Lady Susannah noticed, and she seemed rather embarrassed by it, unsure of what to do.

I did not know what to do about it either, so I cornered Mrs. Darcy after breakfast to ask her what the meaning of all of that was.

“It is only that the more that I think about some of the things you said to me last night, the more angry I become,” she said.

“How dare you cast the blame on what happened with Mr. Wickham on me? Before, you said it was his fault. But now I see that you think that I brought all that down on myself.”

I sputtered. “That is not exactly what I said.”
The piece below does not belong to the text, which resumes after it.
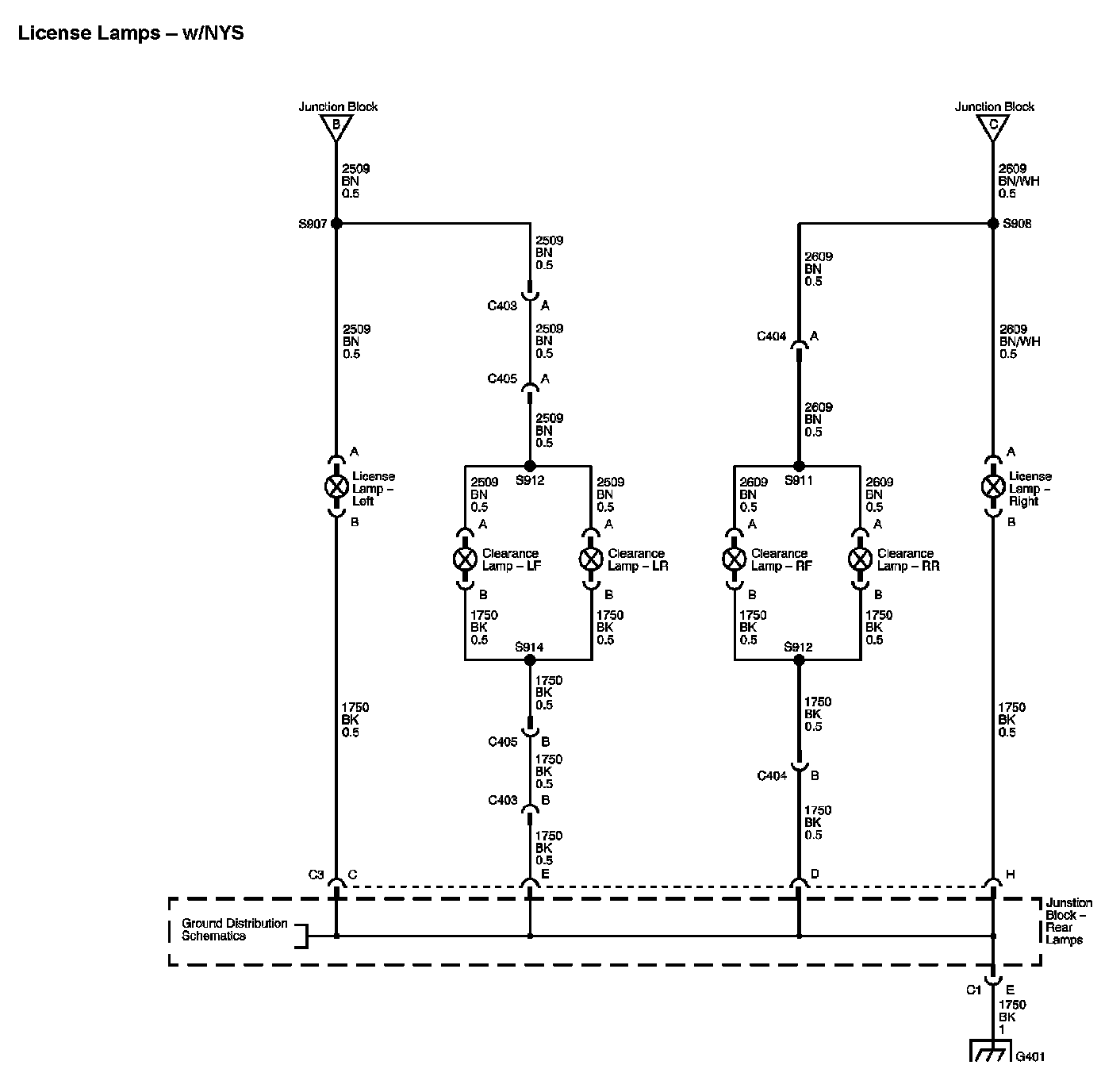 Locations: The locations for the Connectors, Grounds, Splices, and Grommets shown within these diagrams can be found via their numbers at Vehicle Locations. Locations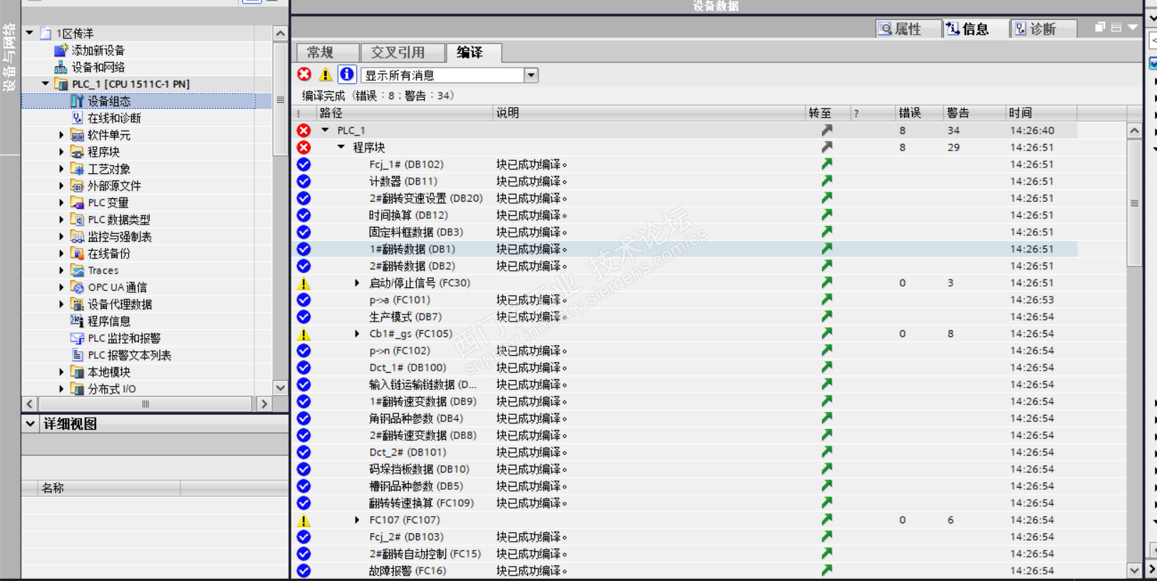 随机选择了一个1500的CPU,然后组态了一个ET200SP的站,但编译之后出现的具体错误怎么找到呢?

“And furthermore, the fact that you do not approve of my brother, that you think he is a sinner—”

“We are all sinners, Mrs. Darcy,” I cut in.

“Well, I am only saying,” she said. “I do not wish to speak to you, I do not think.”

It made things awkward.

We were invited to luncheon at Netherfield, and her brother was there, and so was Miss Caroline Bingley, who I had not seen in some time.

She did not seem the least bit put out over the fact that my wife wasn’t speaking to me, or perhaps she did not notice, for she chattered away the entire luncheon talking entirely to Mr. Bennet, commenting on everything that he did or said as if it were positively amazing.

She dominated the conversation, and Mr. Bennet turned red on numerous occasions, and Mr. Bingley seemed to find the entire thing amusing.

I, however, found it horrifying, for I knew what their scheme was.

I resolved that I should find an occasion to speak privately to Bingley about it whenever I got the chance, but for the rest of the afternoon, I had to soldier on with a wife who was not speaking to me, her brother who kept glaring at me at every chance he could get, and Miss Bingley, who would not stop commenting on how smart it was of Mr. Bennet to have put on his cuff links as he had.

“Miss Bingley,” said Mr. Bennet, still glaring at me, “truly, it is not me who does that, but the manservant at Longbourn.”

“Yes, but he must do so at your instruction, does he not?” said Miss Bingley.

“I suppose,” said Mr. Bennet.

“Well, there we are,” said Miss Bingley. “I think that we must all take credit for the things that we instruct servants to do, for where else would they get such ideas, after all?”

“I do not think I got the idea of cuff links,” said Mr. Bennet.

“For heaven’s sake, James, take the compliment,” said Mr. Bingley, chuckling.

“Thank you, Miss Bingley,” said Mr. Bennet woodenly.

“Just think,” said Mr. Bingley, “how much fun it would be if it were the three of us and all of our sisters, hmm? You’d bring Miss Darcy, I suppose.”

“Oh, what if we were all married?” said Miss Bingley. “How would that work, let’s see. I obviously can’t marry Charles, though Miss Darcy could marry Mr. Bennet, but I think it would be best if—”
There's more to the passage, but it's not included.